Karl von Frisch (1953) discovered that honey bee workers can navigate, indicating the range and direction to food to other workers with a waggle dance.

The ethologist Karl von Frisch showed that honey bees communicate by the waggle dance, a pattern of movement that informs other workers about the direction and distance to food. He showed that honey bees use the sun as their main compass but can still locate its position on cloudy days by reading the polarization pattern of skylight. They use spatial memory with a "rich, map-like organization".

=== Digestion ===

The gut of bees is relatively simple, but multiple metabolic strategies exist in the gut microbiota. Pollinating bees consume nectar and pollen, which require different digestion strategies by somewhat specialized bacteria. While nectar is a liquid of mostly monosaccharide sugars and so easily absorbed, pollen contains complex polysaccharides: branching pectin and hemicellulose. Approximately five groups of bacteria are involved in digestion. Three groups specialize in simple sugars (Snodgrassella and two groups of Lactobacillus), and two other groups in complex sugars (Gilliamella and Bifidobacterium). Digestion of pectin and hemicellulose is dominated by bacterial clades Gilliamella and Bifidobacterium respectively.
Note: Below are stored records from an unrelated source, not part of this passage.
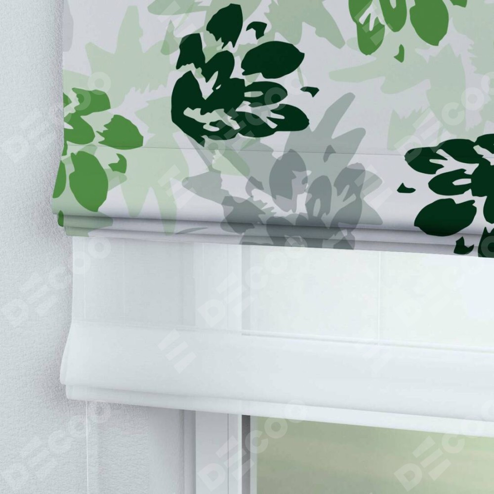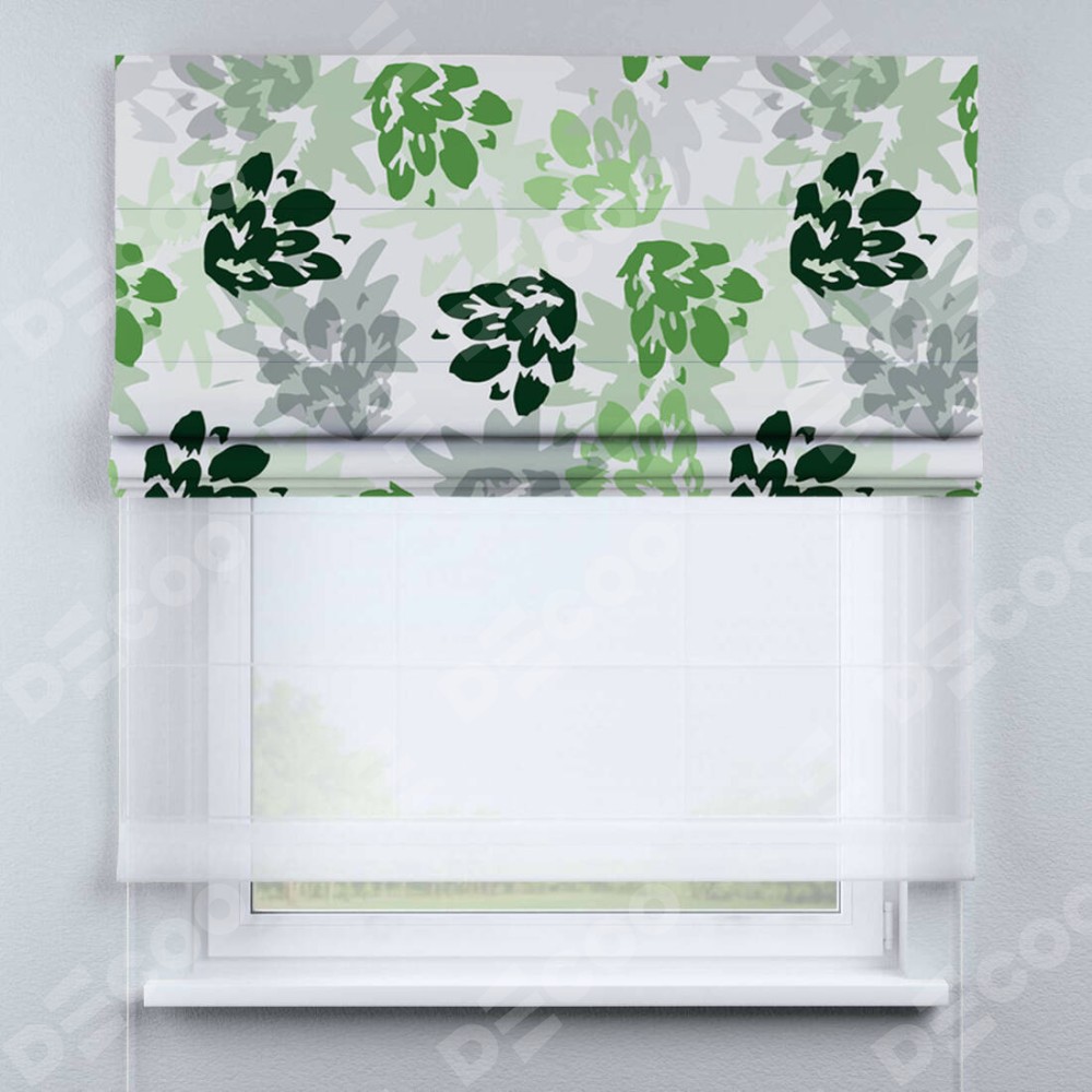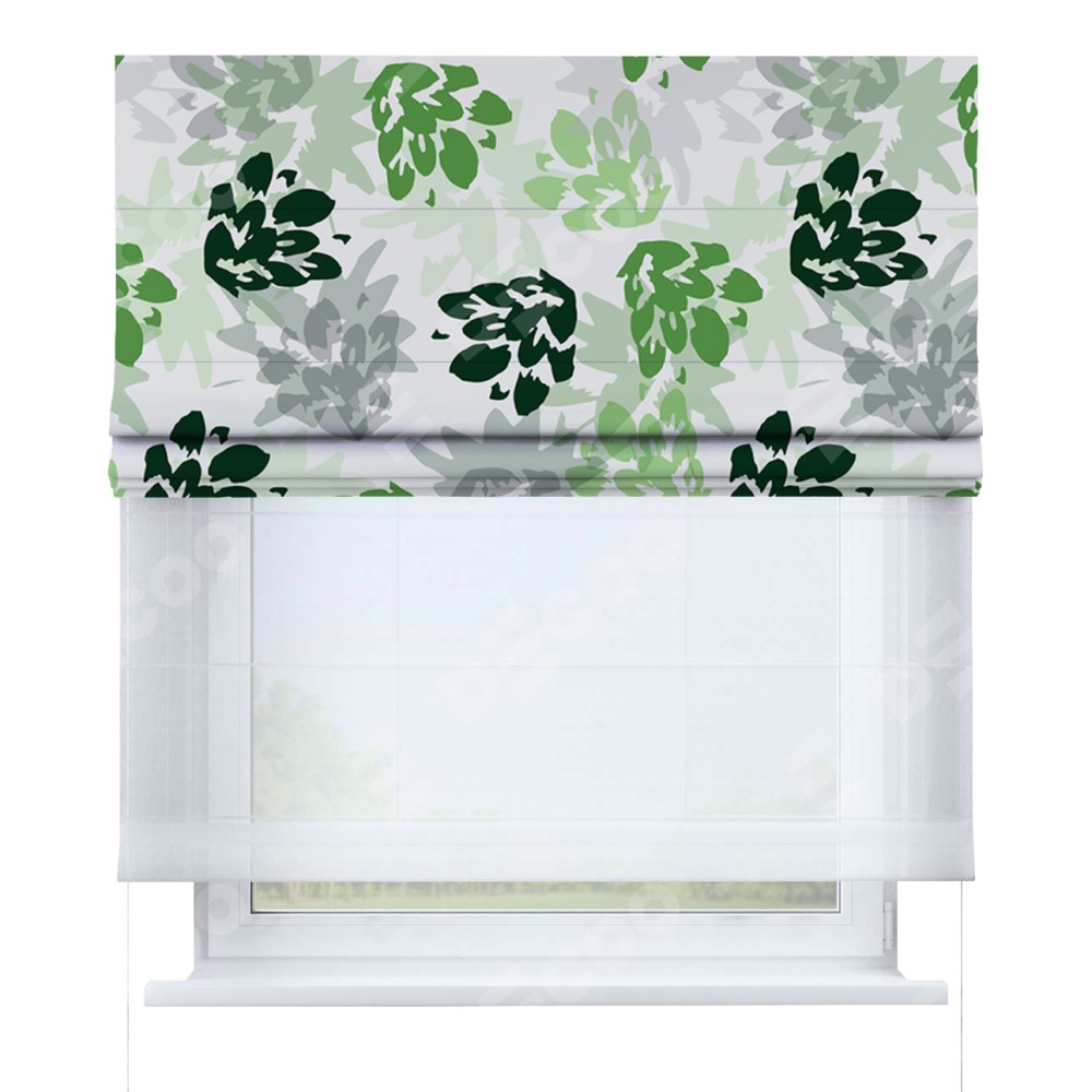 Римская штора день-ночь производителя «Cortin», используется для проёма, пошита из двух полотен, с лицевой блэкаут с нанесением сублимационной печати «Зелёный луг», вторая ткань тюль (по стандарту комплектуется тюль белого цвета артикул V-01). Имеет универсальный механизм и подходит для монтажа: на потолок, на стену и в нишу.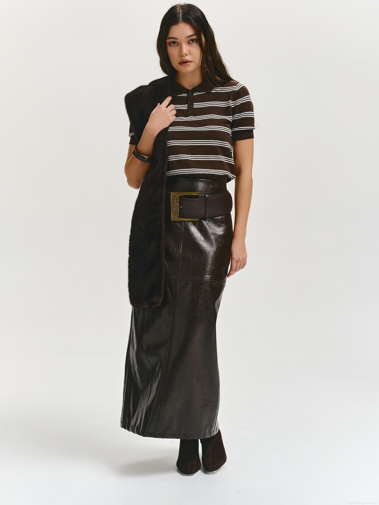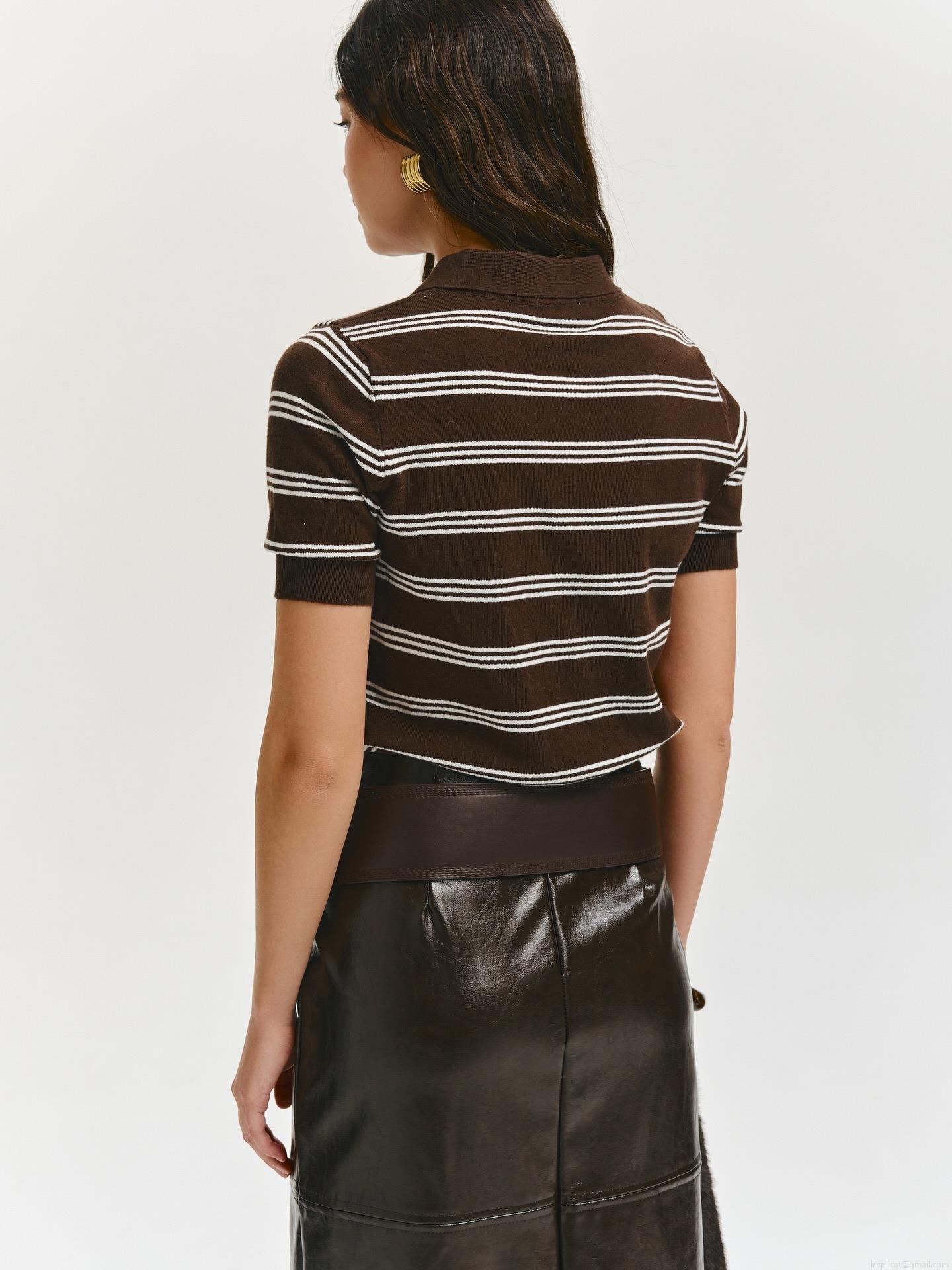 Women's American Vintage Striped Knit Polo Shirt Drop Shoulder Short Sleeve Lapel Button Tee Cotton Blend Summer Casual Top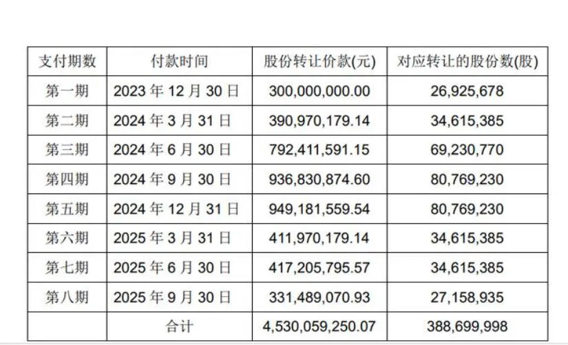 按照2023年12月永辉超市与大连御锦签订的《转让协议》,这笔交易交易资金由大连御锦分八期支付,整个交易要到2025年9月30日才全部转让完成,持续近两年时间。永辉超市每收到一期转让价款后,会办理针对该期转让价款所对应股数转股的交割手续。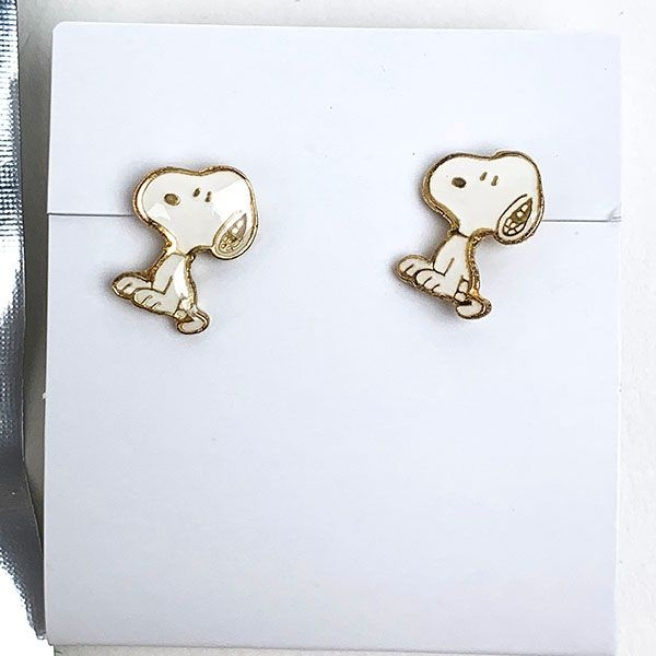 見てください!あまりにキュート過ぎてニヤけてしまいます。スヌーピーモチーフのピアスです。縁取りがさりげなくゴールドカラーになっていて、光沢感もあります。素材は鉄・真鍮で、1.4×1.2cmのサイズです。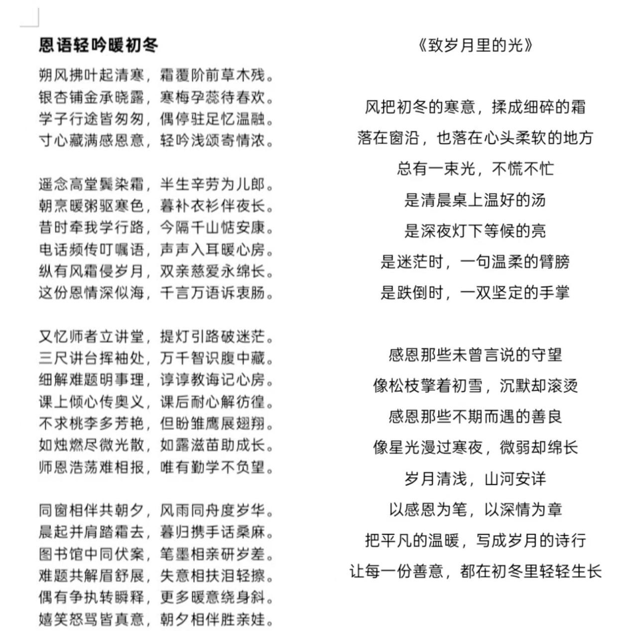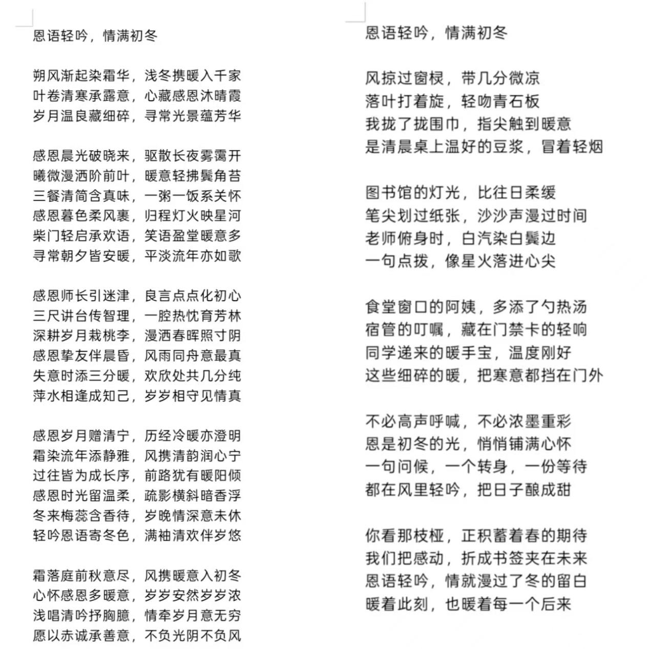 本次活动创新采用“线上征集+线下评审”模式,既打破空间限制,方便学子灵活参与,又通过专业评审保证结果公平公正,吸引了众多诗词爱好者踊跃报名。线上征集阶段,选手们精心录制音视频作品,多以初冬景致起笔,铺陈父母养育、师长教诲、同窗相伴之暖,以真挚嗓音勾勒岁月暖意,让听众在诗韵中沉浸式感受感恩的力量。经过评委们认真评审,从吐字发音、情感表达、节奏把控等维度细致打分,活动最终评选出一等奖1名、二等奖2名、三等奖3名及优秀奖4名。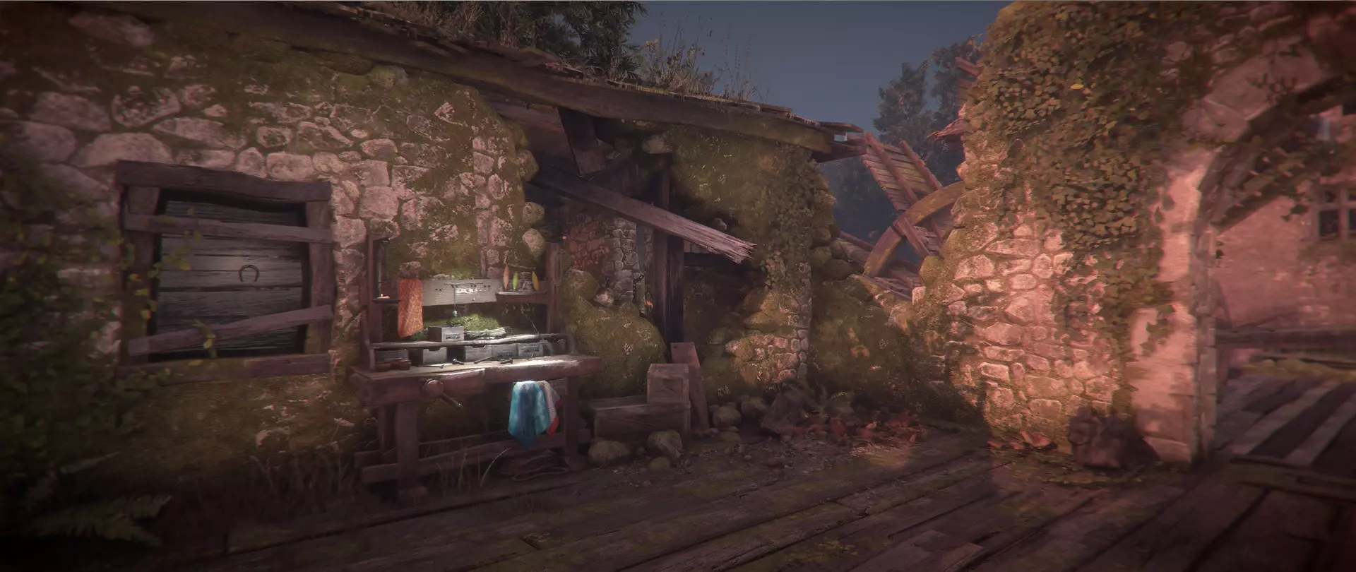 第七章:前路漫漫 奇物:马蹄铁 当你到达磨坊的另一边后,需要打开门。通过工作台右侧的洞口射击门上的锁链,然后穿过有轮子的区域进入那里。

Bacteria that cannot digest polysaccharides obtain enzymes from their neighbors, and bacteria that lack certain amino acids do the same, creating multiple ecological niches.

Although most bee species eat nectar and pollen, some do not. The vulture bees in the genus Trigona, consume carrion and the immature stages of wasps, turning meat into a honey-like substance. Bees drink guttation drops from leaves for energy and nutrients.

==Ecology==

=== Floral relationships ===

Most bees are generalists, collecting pollen from a range of flowering plants. Some are specialists, gathering pollen only from one or a few species or genera of closely related plants. Some genera in Melittidae and Apidae are highly specialized for collecting plant oils as well as or instead of nectar; they mix the oils with pollen to feed their larvae. Male orchid bees in some species gather aromatic compounds from orchids, which is one of the few cases where male bees are effective pollinators. All bees are able to detect desirable flowers by recognizing ultraviolet patterning on flowers, and by floral odors. Bumblebees can in addition detect flowers' electromagnetic fields. Once landed, a bee uses nectar quality and pollen taste to determine whether to continue visiting similar flowers.

In rare cases, a plant species may only be effectively pollinated by a single bee species; some plants are endangered in part because their pollinator is threatened. Such specialist bees are however strongly associated with common, widespread plants visited by multiple pollinator species. For example, in the arid southwestern United States, the creosote bush (Larrea tridentata) supports more than forty bee species that specialize in collecting its pollen.

===As mimics and models===

Many bees are aposematically colored, typically orange and black, warning of their ability to defend themselves with a powerful sting. As such they are models for Batesian mimicry by non-stinging insects such as bee-flies, robber flies and hoverflies, all of which gain a measure of protection by superficially looking and behaving like bees.

Bees are themselves Müllerian mimics of other aposematic insects with the same color scheme, including wasps, lycid and other beetles, and many butterflies and moths (Lepidoptera) which are themselves distasteful, often through acquiring bitter and poisonous chemicals from their plant food. All the Müllerian mimics, including bees, benefit from the reduced risk of predation that results from their easily recognized warning coloration.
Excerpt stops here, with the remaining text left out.